DIM SUM
17 February 2003
The first part of today was like dim sum…little morcels that you get to have little tastes of. The end of the day was like a full multi-course meal. So I’m going to deal with the dim sum in today’s entry, and the full course meal in tomorrow’s.
I am sitting in a room overlooking Chinatown, and in one hour and 15 minutes, I will turn 60.
But that has nothing to do with the dim sum.
It was an awful night. The bed was rock hard and by 3 a.m. I could barely move. If I could have had an emergency call to Marta to come and give me a massage (I’ve never had one), I would have. Here I had a night to actually get caught up on sleep, but my body wouldn’t cooperate and there was no comfortable position I could find. I ended up just getting up at 4 a.m., and being very cranky about it.
“What do the Chinese eat for breakfast?” Walt asked. Here we were in the heart of Chinatown…and when in China, do what the Chinese do, was his motto. Fortunately we had two experts on the subjects in our group. Joe, who played sax in Lawsuit, spent time in China as an exchange student and, in fact, actually covered the events in Tiannemen Square for one of the major media markets here, as he was there for the uprising. His girlfriend Stacey is Chinese herself, and so between them we had good advice on what to have for breakfast: dim sum.
Across from the hotel is a “bakery and dim sum” shop and the four of us headed over there. We let Stacey do the ordering, since the menu was in Chinese. Well, actually, it was translated, but not into English, into Spanish (I was curious about those “Chinese tamales.”)
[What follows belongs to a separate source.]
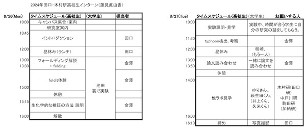 高校生インターンシップを8月26-27日に開催しました。蓮見さん(修士2年)が企画を提案してくれて、彼女の実行力とラボの学生たちのサポートで実現しました。(細胞制御工学研究センター木村研究室と合同開催)

We ended up with a tasty assortment—pork and chicken steam buns, in that semi-gelatinous dough concoction, something called a “turnip cake” (which was a lot more delicious than its name would have you believe), a fried ball of some sort of meat (naturally, with all that grease, it was my favorite). There was a sesame ball filled with a sweet bean paste and covered with sesame seeds, some shrimp dumplings which looked pretty gross, but were actually very good. Some pork balls (jokes about the show I reviewed last week not applicable), and some steamed pot stickers—the only resemblance to the traditional pot sticker was the shape!.
With all this, we had an enormous bowl of a kind of rice gruel—rice made with about two and a half the required amount of water so that it was more like a thick soup. You add soy sauced and white pepper to this to flavor it; otherwise it’s pretty bland.
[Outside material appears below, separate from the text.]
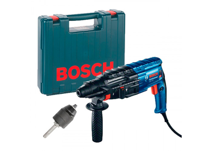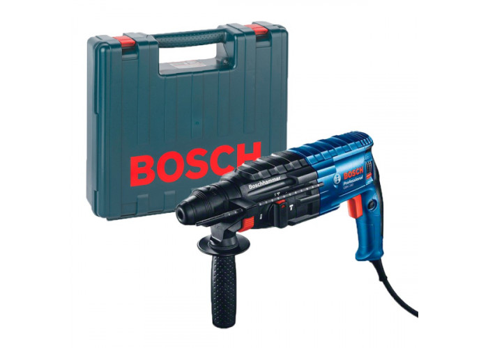 Перфоратор перфоратор BOSCH GBH 240 - новий стандарт роботи з бетоном. Передбачено 4 режими швидкостей. Працює як перфоратор, шуруповерт і дриль. Є реверс. Встановлено електромотор 790 W, енергія удару становить 2,7 Дж. Ударний механізм видає 0-4.200 уд / хв, частота обертань в хвилину 930. Робить перфорації в бетоні 2,4 см, в цеглі 6,8 см, в металі 1,3 см, в дереві 0,3 см. у комплектацію входить пластиковий кейс, обмежувач глибини і додаткова рукоять, а також швидкозатискний патрон Bosch SDS-Plus 1.5-13 мм.

When we’d finished breakfast, Joe and Stacey (and Jeri, who had joined us by this time) went off on their own and we set out to explore the neighborhood.
We wandered through the rather extensive Chinatown (as an old SF girl, I’m always surprised with the variety of “looks” to other cities’ Chinatowns). In one of the courtyards (across from a store called “Shop Chuey,” which I thought very clever (but then I’m easily amused) was a famous wishing well. You toss your coins at buckets in this multi-colored rock wall. The buckets are labeled “love,” “wealth,” “travel,” “health,” and the ever popular “lotto.” Judging by the coins in the water, a lot of wishes have been tossed into this fountain. Walt made a couple of tosses but didn’t hit any of the buckets. I tossed a coin up in the air—not aiming for anything—and it handed smack dab in the center of a bucket. Unfortunately, this bucket was not labeled anything, so I’m assuming this means that I will get my wish, if I can ever figure out what it is that I’m wishing for.
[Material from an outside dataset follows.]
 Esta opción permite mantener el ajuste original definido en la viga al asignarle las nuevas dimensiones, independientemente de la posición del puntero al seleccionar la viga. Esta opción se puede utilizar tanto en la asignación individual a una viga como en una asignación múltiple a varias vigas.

We stumbled into the Saigon Market which is an ENORMOUS sorta open air market…it would be open air, except it has a cloth “roof” over it. I lost track of how huge this thing is. It seems to go on forever, with aisles running everywhichway. The vendors have an eclectic assortment of wares heaped into stacks which seem perilously close to tipping over. Some stands seem to consist of things that someone picked up at random in a “lot” sale and displayed all together in one place. I think my favorite store, though, was a karaoke store. A shop that rivaled any small town CD/music store…only it was nothing but videos and CDs with music and prompts for karaoke singing. Now there’s a world I have never explored—and probably never will.
We were going to relax a bit before the wedding, but a parade was passing by the hotel so we went to watch. The marchers were believers in “falun gong” who are protesting those in the world who are persecuting for practicing this tai-chi-like meditation program.